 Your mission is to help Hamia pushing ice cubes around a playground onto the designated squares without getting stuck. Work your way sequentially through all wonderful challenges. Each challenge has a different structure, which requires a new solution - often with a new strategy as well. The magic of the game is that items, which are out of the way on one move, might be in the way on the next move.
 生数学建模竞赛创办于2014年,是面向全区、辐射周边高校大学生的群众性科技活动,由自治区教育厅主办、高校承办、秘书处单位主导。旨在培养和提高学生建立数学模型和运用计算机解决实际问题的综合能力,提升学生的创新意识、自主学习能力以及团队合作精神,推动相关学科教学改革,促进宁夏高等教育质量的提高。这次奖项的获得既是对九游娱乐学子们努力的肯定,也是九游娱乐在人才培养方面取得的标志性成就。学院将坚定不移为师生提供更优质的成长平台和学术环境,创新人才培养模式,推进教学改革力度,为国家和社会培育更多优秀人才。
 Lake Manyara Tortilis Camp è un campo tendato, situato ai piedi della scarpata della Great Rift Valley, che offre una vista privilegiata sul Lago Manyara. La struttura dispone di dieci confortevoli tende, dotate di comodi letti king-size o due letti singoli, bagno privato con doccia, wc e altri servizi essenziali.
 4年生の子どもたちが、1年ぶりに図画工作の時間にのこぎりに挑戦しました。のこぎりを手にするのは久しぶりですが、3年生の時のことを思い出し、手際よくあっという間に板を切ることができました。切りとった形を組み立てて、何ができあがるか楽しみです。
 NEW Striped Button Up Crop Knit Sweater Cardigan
--
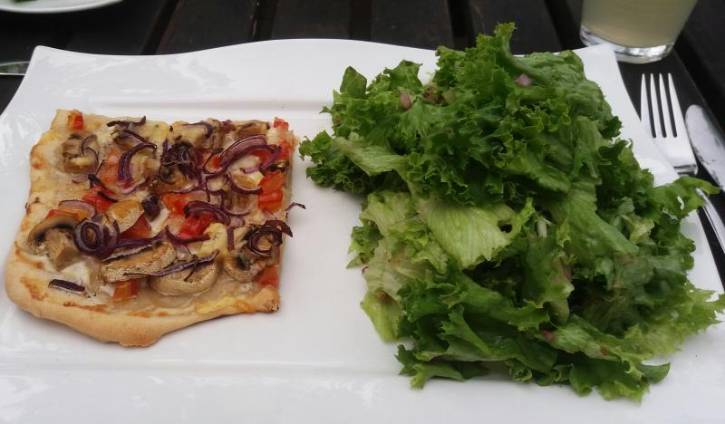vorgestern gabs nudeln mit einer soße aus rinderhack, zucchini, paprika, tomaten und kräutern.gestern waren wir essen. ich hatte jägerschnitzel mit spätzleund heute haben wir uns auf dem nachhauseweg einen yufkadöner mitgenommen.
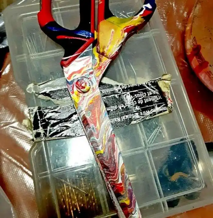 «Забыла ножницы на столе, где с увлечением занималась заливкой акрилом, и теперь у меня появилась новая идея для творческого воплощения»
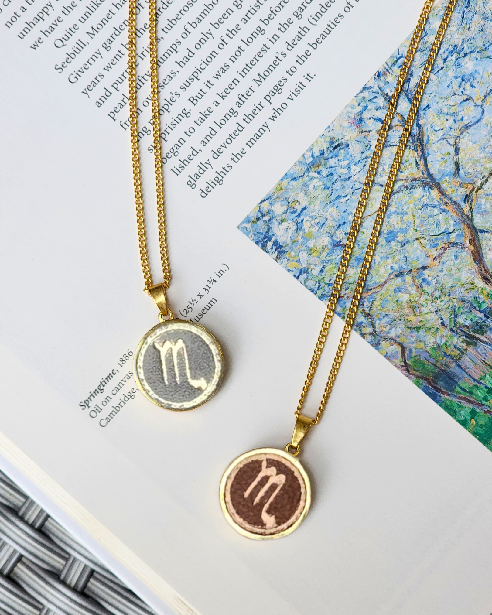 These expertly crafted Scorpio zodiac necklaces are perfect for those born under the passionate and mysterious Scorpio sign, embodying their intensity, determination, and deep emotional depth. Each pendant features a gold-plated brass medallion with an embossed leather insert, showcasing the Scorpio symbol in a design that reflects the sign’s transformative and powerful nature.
--
TO DO:
Nothing should appear in the answer except the lines above from the line with "生数学建模竞赛创办于2014" through the line with "NEW Striped Button", both included, written out exactly.

EXERCISE OUTPUT:
 生数学建模竞赛创办于2014年,是面向全区、辐射周边高校大学生的群众性科技活动,由自治区教育厅主办、高校承办、秘书处单位主导。旨在培养和提高学生建立数学模型和运用计算机解决实际问题的综合能力,提升学生的创新意识、自主学习能力以及团队合作精神,推动相关学科教学改革,促进宁夏高等教育质量的提高。这次奖项的获得既是对九游娱乐学子们努力的肯定,也是九游娱乐在人才培养方面取得的标志性成就。学院将坚定不移为师生提供更优质的成长平台和学术环境,创新人才培养模式,推进教学改革力度,为国家和社会培育更多优秀人才。
 Lake Manyara Tortilis Camp è un campo tendato, situato ai piedi della scarpata della Great Rift Valley, che offre una vista privilegiata sul Lago Manyara. La struttura dispone di dieci confortevoli tende, dotate di comodi letti king-size o due letti singoli, bagno privato con doccia, wc e altri servizi essenziali.
 4年生の子どもたちが、1年ぶりに図画工作の時間にのこぎりに挑戦しました。のこぎりを手にするのは久しぶりですが、3年生の時のことを思い出し、手際よくあっという間に板を切ることができました。切りとった形を組み立てて、何ができあがるか楽しみです。
 NEW Striped Button Up Crop Knit Sweater Cardigan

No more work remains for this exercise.